====== PROVIDED RECORDS

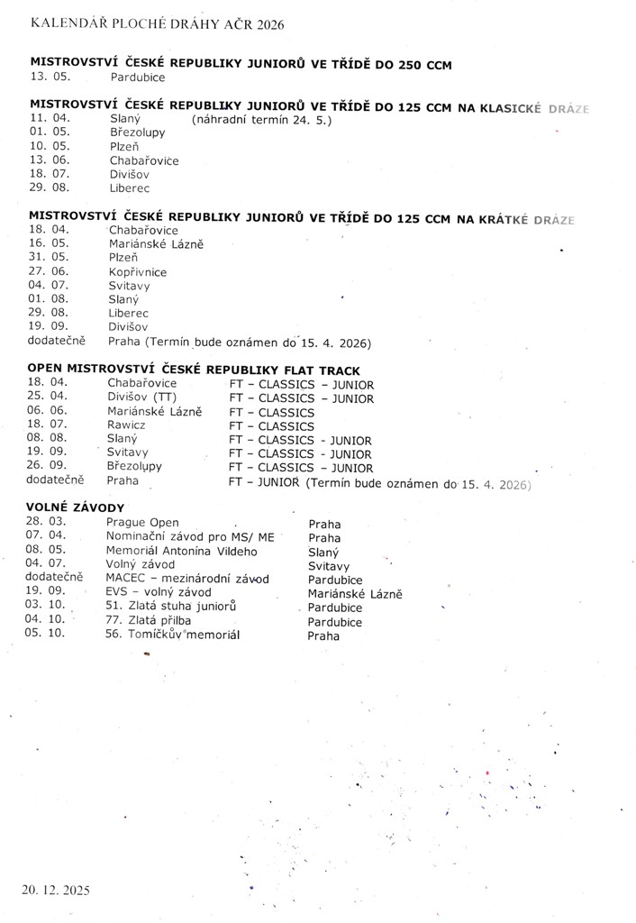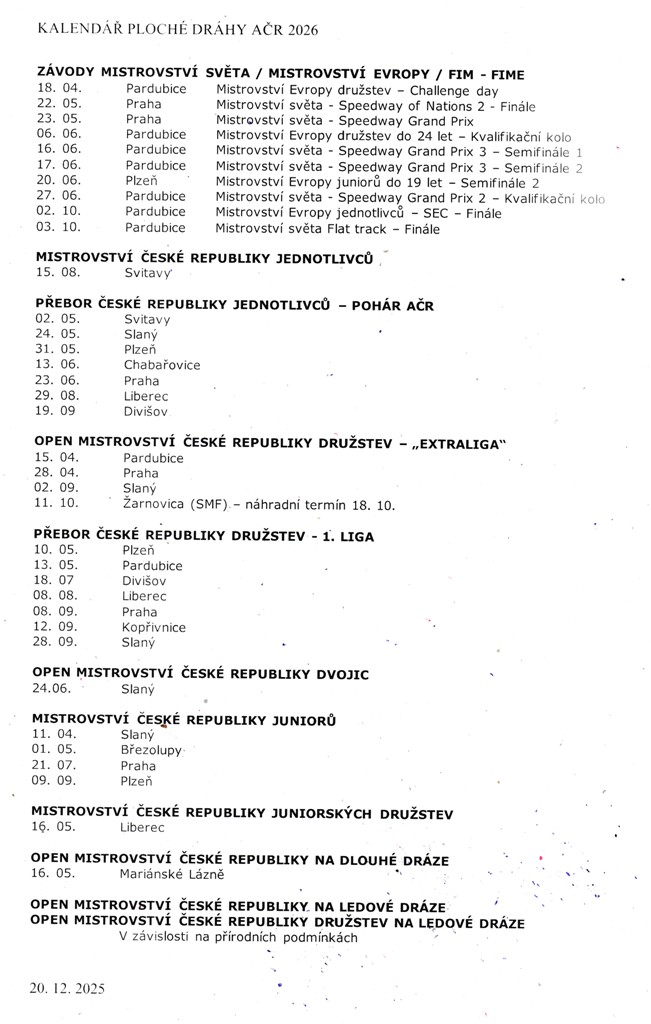 O termínovém kalendáři české ploché dráhy se jednalo v Praze již předminulý týden. Od té doby ladila sportovní komise jeho definitivní podobu až do dnešního dopoledne. Úderem dvanácté byl oficiálně zveřejněn. Plus jako bonus, že v pátek před Zlatou přilbou města Pardubice se ve Svítkově pojede rozhodující finále SEC. Jeho ostatní podniky slibuje promotér dodat těsně před koncem roku.
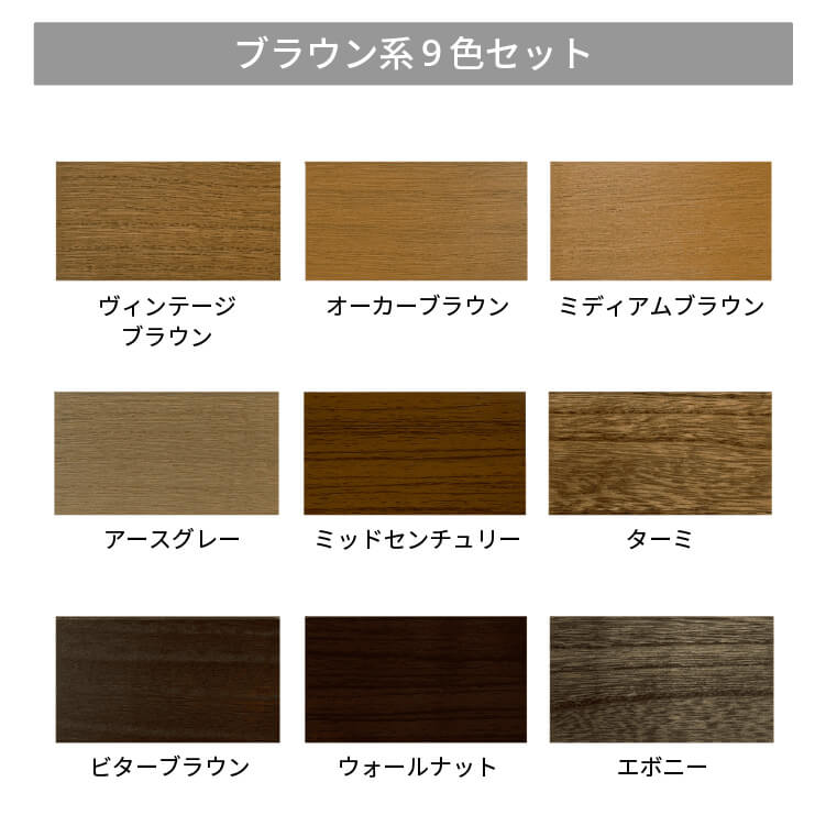 ヴィンテージブラウン、オーカーブラウン、ミディアムブラウン、ビターブラウン、アースグレー、ミッドセンチュリー、ウォールナット、ターミ、エボニー
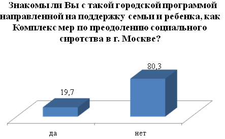 Городская программа, направленная на поддержку семьи и ребёнка, - Комплекс мер по преодолению социального сиротства в г. Москве известна 19,7% москвичей, принимавших участие в исследовании. 80,3% респондентов не знакомы с данной программой, что может свидетельствовать о необходимости её дополнительной информационной поддержки.
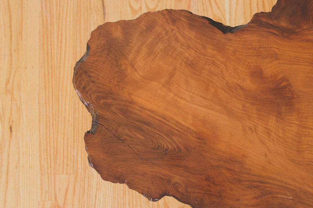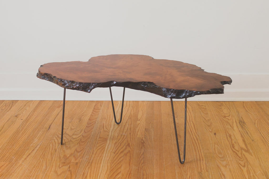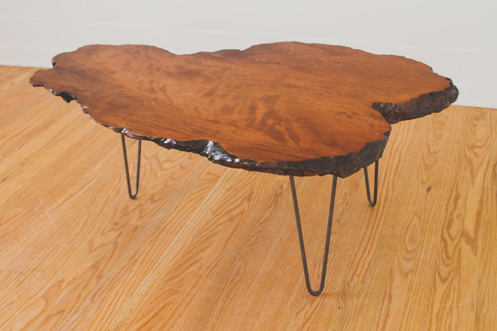 This Mid Century live edge, wood slab coffee table has a lacquered finish and metal hairpin legs. It's in excellent shape with some light age related wear. Please see pictures for detailed condition.
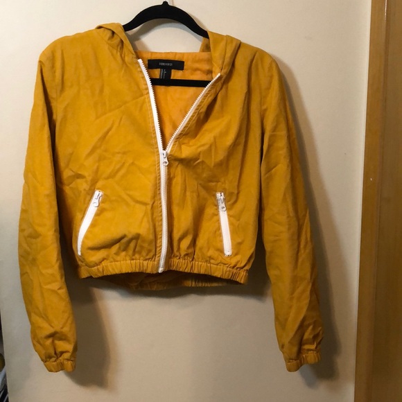 Yellow F21 jacket with white zippers
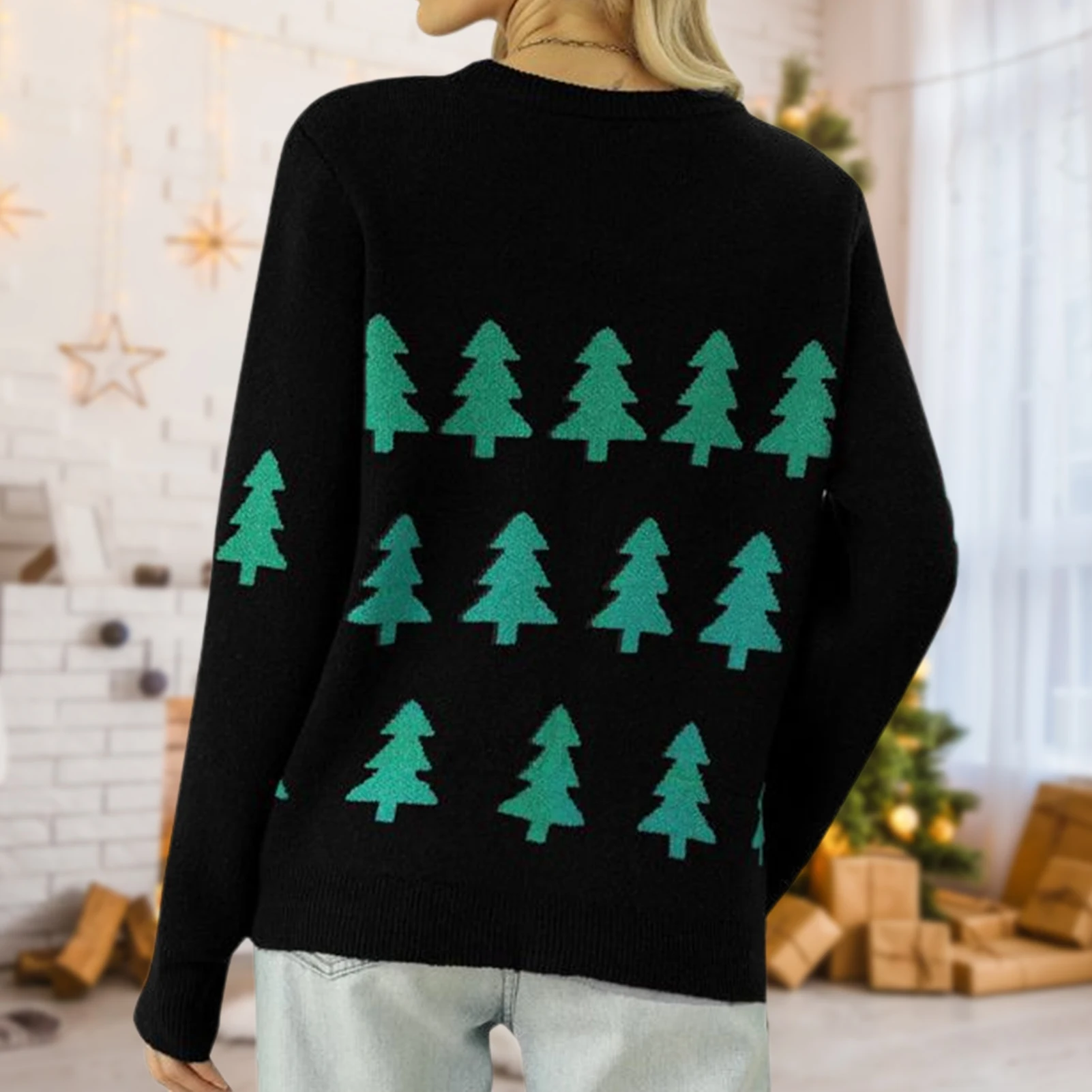Женский трикотажный свитер свободного кроя с длинным рукавом и круглым вырезом

============

#### [TASK BRIEF]
Pictures in the records should not appear in your copy, but everything else must be transcribed exactly.

#### [WRITTEN SOLUTION]
 O termínovém kalendáři české ploché dráhy se jednalo v Praze již předminulý týden. Od té doby ladila sportovní komise jeho definitivní podobu až do dnešního dopoledne. Úderem dvanácté byl oficiálně zveřejněn. Plus jako bonus, že v pátek před Zlatou přilbou města Pardubice se ve Svítkově pojede rozhodující finále SEC. Jeho ostatní podniky slibuje promotér dodat těsně před koncem roku.
 ヴィンテージブラウン、オーカーブラウン、ミディアムブラウン、ビターブラウン、アースグレー、ミッドセンチュリー、ウォールナット、ターミ、エボニー
 Городская программа, направленная на поддержку семьи и ребёнка, - Комплекс мер по преодолению социального сиротства в г. Москве известна 19,7% москвичей, принимавших участие в исследовании. 80,3% респондентов не знакомы с данной программой, что может свидетельствовать о необходимости её дополнительной информационной поддержки.
 This Mid Century live edge, wood slab coffee table has a lacquered finish and metal hairpin legs. It's in excellent shape with some light age related wear. Please see pictures for detailed condition.
 Yellow F21 jacket with white zippers
Женский трикотажный свитер свободного кроя с длинным рукавом и круглым вырезом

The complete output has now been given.